Task: This task calls for the lines below starting at the one containing "- Select the" and ending at the one containing "Riddell Indianapolis Colts", repeated exactly with both ends kept and pictures left out.

Listed records:
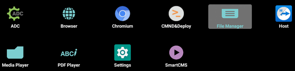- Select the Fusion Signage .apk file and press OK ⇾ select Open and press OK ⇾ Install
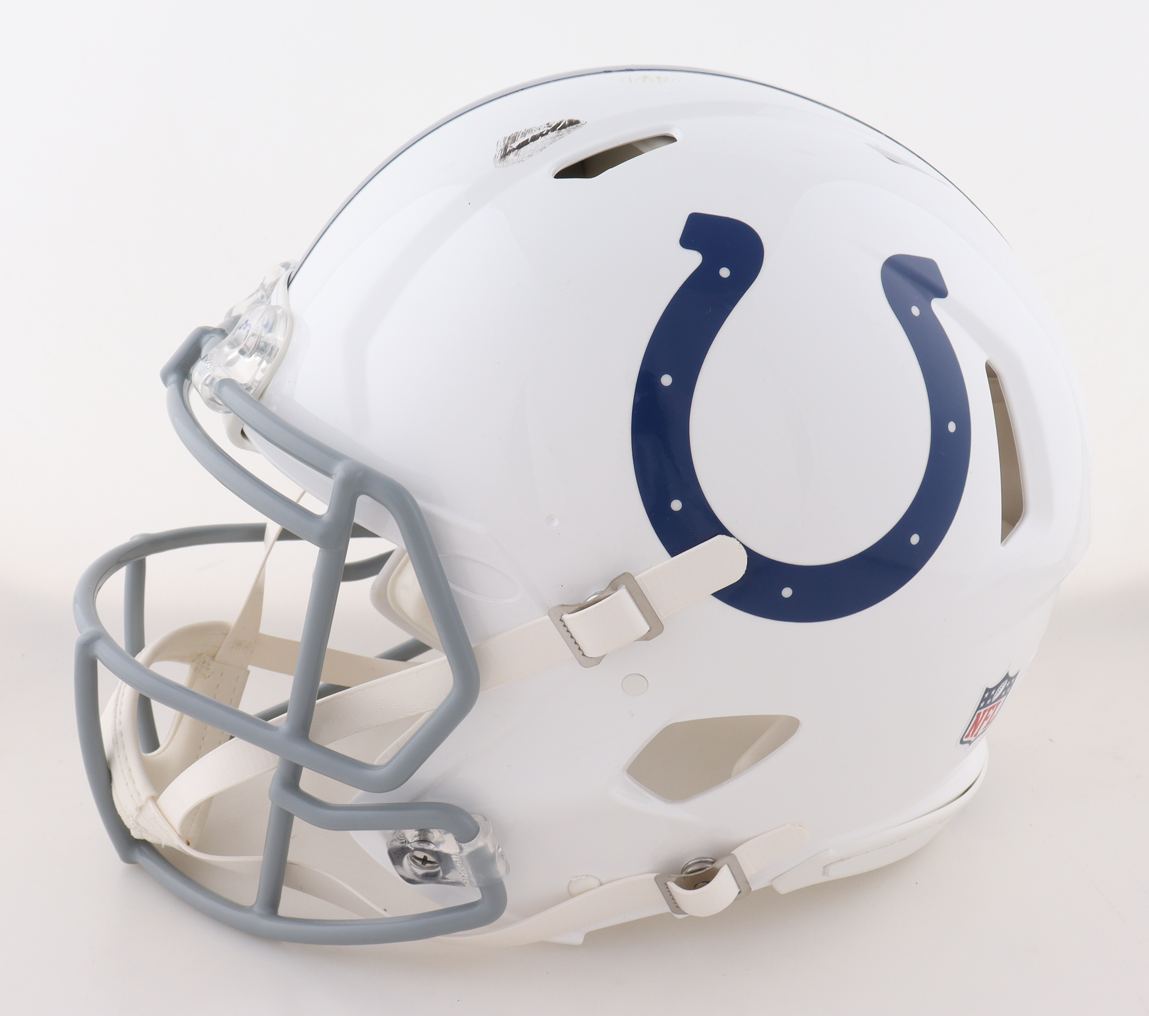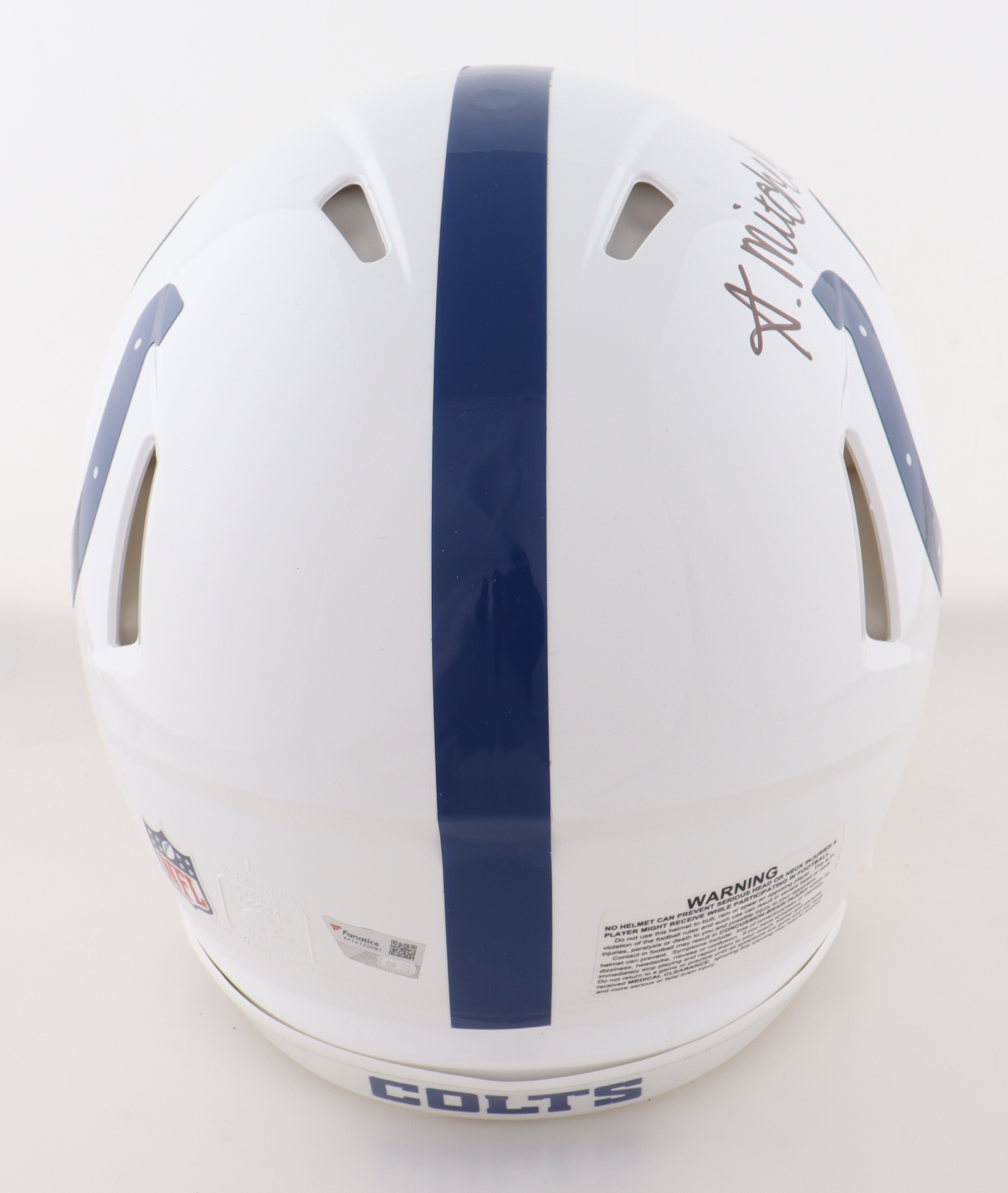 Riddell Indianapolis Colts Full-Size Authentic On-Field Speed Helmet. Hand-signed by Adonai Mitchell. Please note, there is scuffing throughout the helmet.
...
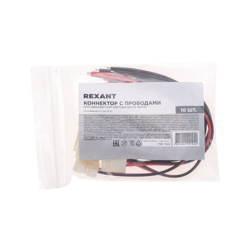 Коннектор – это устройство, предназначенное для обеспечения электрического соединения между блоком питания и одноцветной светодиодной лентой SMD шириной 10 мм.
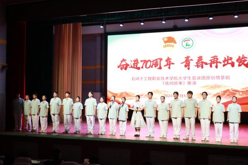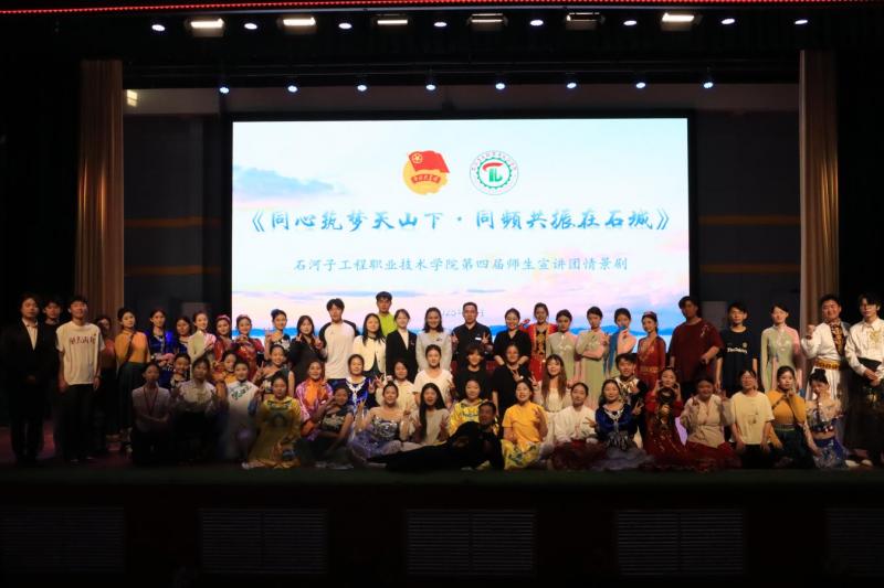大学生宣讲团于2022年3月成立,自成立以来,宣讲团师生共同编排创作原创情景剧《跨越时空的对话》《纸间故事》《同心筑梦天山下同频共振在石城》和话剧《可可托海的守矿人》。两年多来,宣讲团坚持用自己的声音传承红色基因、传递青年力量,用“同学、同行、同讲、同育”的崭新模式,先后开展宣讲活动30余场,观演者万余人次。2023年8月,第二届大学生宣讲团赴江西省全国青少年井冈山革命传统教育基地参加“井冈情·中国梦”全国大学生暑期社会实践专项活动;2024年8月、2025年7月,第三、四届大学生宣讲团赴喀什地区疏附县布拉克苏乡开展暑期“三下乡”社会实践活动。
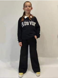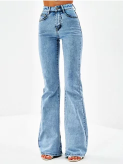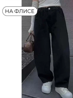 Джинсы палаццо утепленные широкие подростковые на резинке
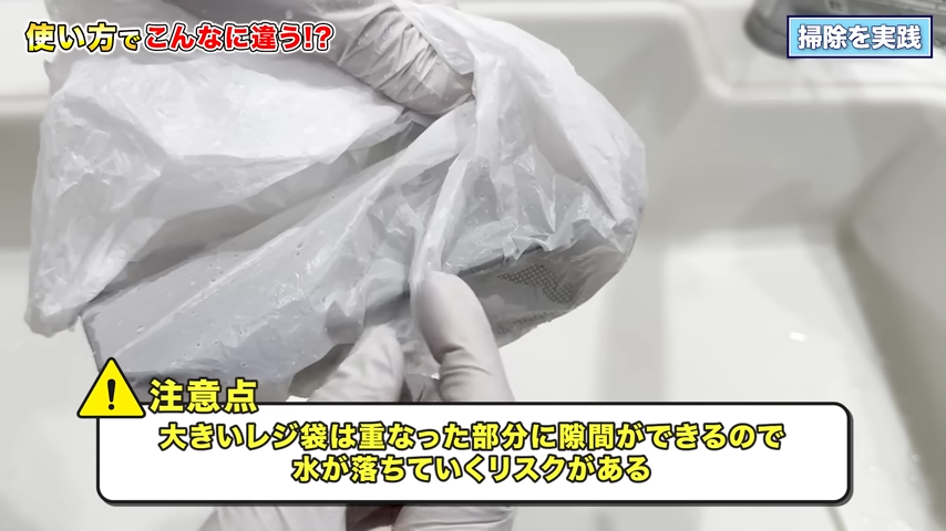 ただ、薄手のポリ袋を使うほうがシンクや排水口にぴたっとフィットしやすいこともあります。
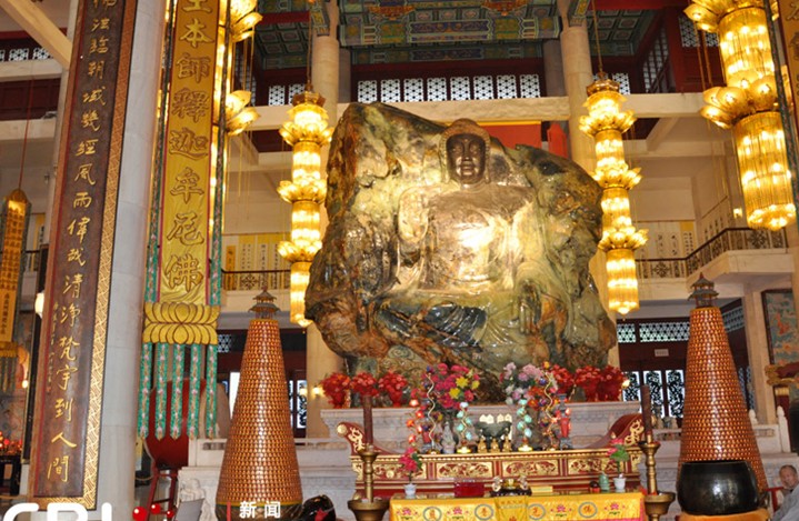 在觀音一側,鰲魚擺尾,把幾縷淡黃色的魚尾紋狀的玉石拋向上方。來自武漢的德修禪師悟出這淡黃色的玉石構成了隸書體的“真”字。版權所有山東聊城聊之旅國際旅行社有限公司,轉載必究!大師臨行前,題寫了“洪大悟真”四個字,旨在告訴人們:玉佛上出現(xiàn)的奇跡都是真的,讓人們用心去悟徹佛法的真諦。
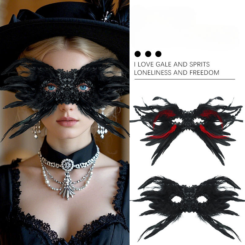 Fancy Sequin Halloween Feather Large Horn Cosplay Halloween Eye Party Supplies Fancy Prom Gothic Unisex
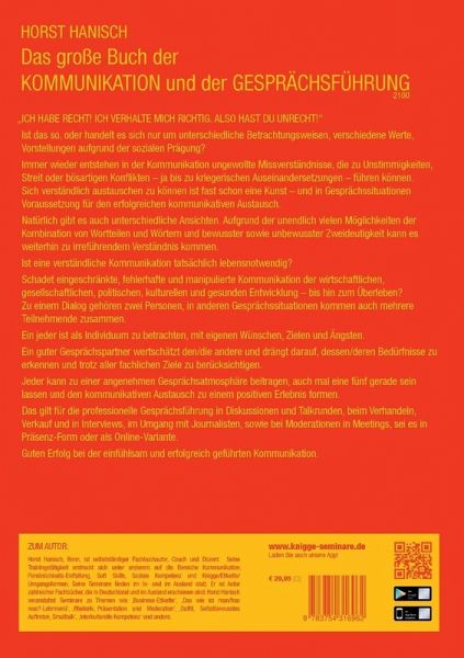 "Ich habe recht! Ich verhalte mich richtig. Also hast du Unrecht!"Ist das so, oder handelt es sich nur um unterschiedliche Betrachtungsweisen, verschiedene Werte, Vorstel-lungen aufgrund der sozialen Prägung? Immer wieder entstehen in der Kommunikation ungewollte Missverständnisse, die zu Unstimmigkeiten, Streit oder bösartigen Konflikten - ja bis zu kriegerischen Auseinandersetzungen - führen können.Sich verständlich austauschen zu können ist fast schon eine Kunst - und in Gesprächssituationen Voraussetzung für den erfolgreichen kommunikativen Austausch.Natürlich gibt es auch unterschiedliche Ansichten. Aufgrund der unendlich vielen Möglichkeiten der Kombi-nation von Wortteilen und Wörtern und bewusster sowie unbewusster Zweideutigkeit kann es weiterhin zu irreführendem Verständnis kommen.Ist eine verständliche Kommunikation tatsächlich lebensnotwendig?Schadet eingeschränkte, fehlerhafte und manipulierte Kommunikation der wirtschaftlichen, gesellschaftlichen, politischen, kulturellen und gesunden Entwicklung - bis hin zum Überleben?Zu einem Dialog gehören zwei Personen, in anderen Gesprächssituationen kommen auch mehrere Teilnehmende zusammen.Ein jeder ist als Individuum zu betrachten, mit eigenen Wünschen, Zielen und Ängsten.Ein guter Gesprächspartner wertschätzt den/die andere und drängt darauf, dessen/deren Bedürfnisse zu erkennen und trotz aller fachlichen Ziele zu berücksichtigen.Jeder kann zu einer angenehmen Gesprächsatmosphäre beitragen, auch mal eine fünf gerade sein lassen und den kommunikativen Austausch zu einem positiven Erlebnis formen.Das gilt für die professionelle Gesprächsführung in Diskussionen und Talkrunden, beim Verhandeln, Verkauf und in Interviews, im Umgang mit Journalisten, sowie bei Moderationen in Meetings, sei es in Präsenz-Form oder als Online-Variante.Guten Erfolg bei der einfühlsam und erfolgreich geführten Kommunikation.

Answer space:
- Select the Fusion Signage .apk file and press OK ⇾ select Open and press OK ⇾ Install
 Riddell Indianapolis Colts Full-Size Authentic On-Field Speed Helmet. Hand-signed by Adonai Mitchell. Please note, there is scuffing throughout the helmet.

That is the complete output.